• _What to work on_:
Write again exactly the lines in the listing below, starting at the line with "- Конвейерная лента" and ending at the line with "Die VenusblumeDiese Venusblume", both included. Pictures are not copied.

• _Data to examine_:
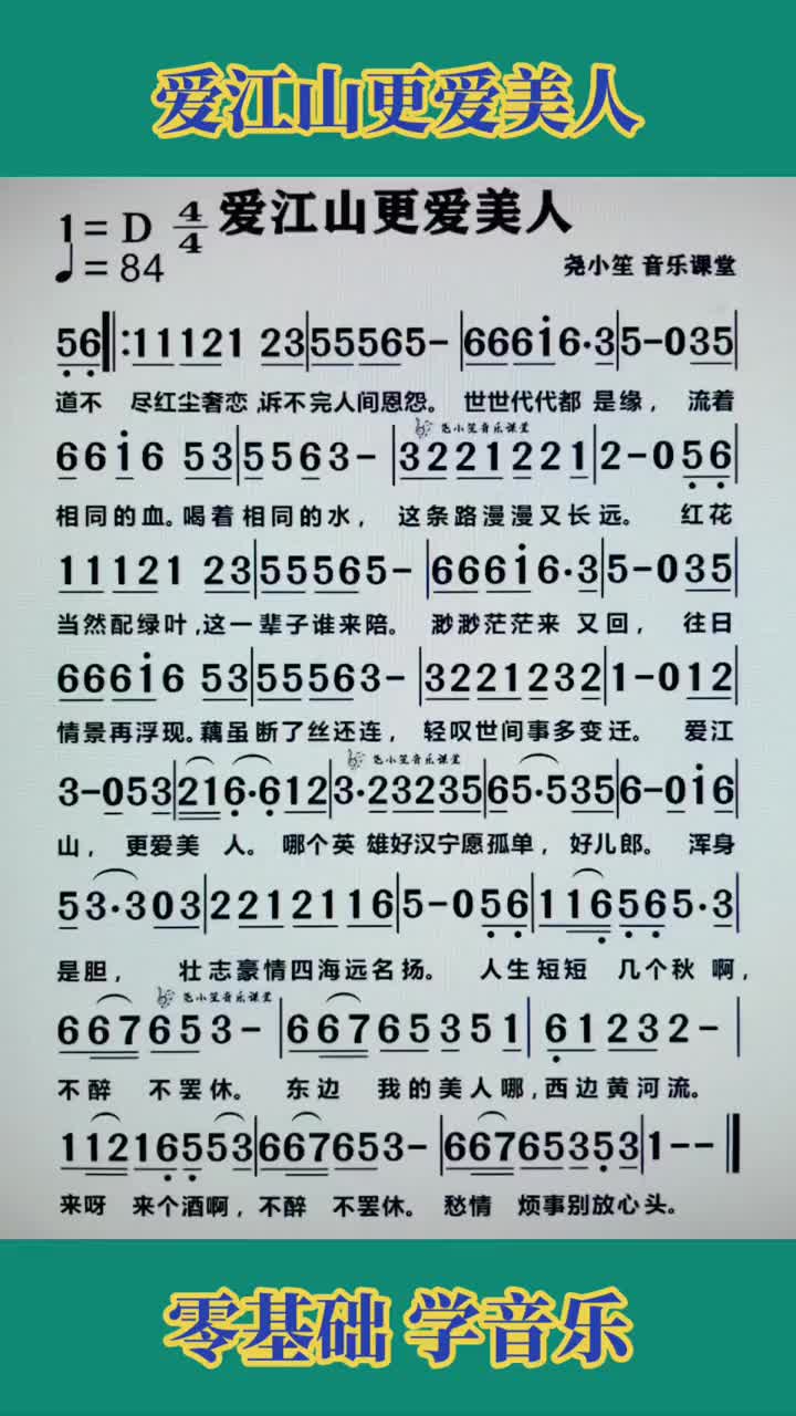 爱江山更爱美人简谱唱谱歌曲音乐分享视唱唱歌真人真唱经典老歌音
* * *
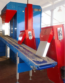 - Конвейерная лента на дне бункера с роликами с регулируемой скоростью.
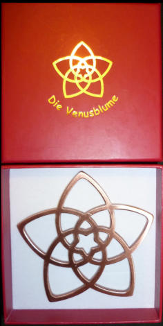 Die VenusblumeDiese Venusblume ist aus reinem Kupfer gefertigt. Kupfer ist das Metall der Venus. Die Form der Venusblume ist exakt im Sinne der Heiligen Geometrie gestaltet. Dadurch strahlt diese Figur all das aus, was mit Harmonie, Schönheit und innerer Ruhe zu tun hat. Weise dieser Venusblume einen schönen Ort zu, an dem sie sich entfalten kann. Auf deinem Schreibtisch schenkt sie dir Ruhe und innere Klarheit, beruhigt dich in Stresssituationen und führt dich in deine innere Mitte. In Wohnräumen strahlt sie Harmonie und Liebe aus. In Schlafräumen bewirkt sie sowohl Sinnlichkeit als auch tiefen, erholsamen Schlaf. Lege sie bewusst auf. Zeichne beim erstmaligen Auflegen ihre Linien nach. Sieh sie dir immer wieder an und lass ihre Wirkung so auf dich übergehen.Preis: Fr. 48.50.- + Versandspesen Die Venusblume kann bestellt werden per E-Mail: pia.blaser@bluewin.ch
==
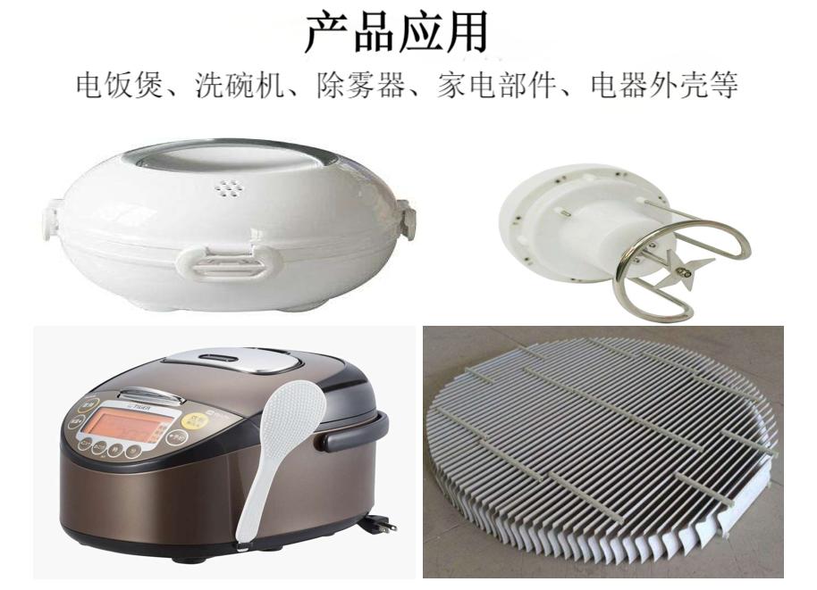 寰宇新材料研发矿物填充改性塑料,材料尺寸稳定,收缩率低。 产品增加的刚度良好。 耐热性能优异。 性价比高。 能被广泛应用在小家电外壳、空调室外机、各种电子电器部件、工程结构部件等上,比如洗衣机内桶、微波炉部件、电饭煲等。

• _Expected output_:
 - Конвейерная лента на дне бункера с роликами с регулируемой скоростью.
 Die VenusblumeDiese Venusblume ist aus reinem Kupfer gefertigt. Kupfer ist das Metall der Venus. Die Form der Venusblume ist exakt im Sinne der Heiligen Geometrie gestaltet. Dadurch strahlt diese Figur all das aus, was mit Harmonie, Schönheit und innerer Ruhe zu tun hat. Weise dieser Venusblume einen schönen Ort zu, an dem sie sich entfalten kann. Auf deinem Schreibtisch schenkt sie dir Ruhe und innere Klarheit, beruhigt dich in Stresssituationen und führt dich in deine innere Mitte. In Wohnräumen strahlt sie Harmonie und Liebe aus. In Schlafräumen bewirkt sie sowohl Sinnlichkeit als auch tiefen, erholsamen Schlaf. Lege sie bewusst auf. Zeichne beim erstmaligen Auflegen ihre Linien nach. Sieh sie dir immer wieder an und lass ihre Wirkung so auf dich übergehen.Preis: Fr. 48.50.- + Versandspesen Die Venusblume kann bestellt werden per E-Mail: pia.blaser@bluewin.ch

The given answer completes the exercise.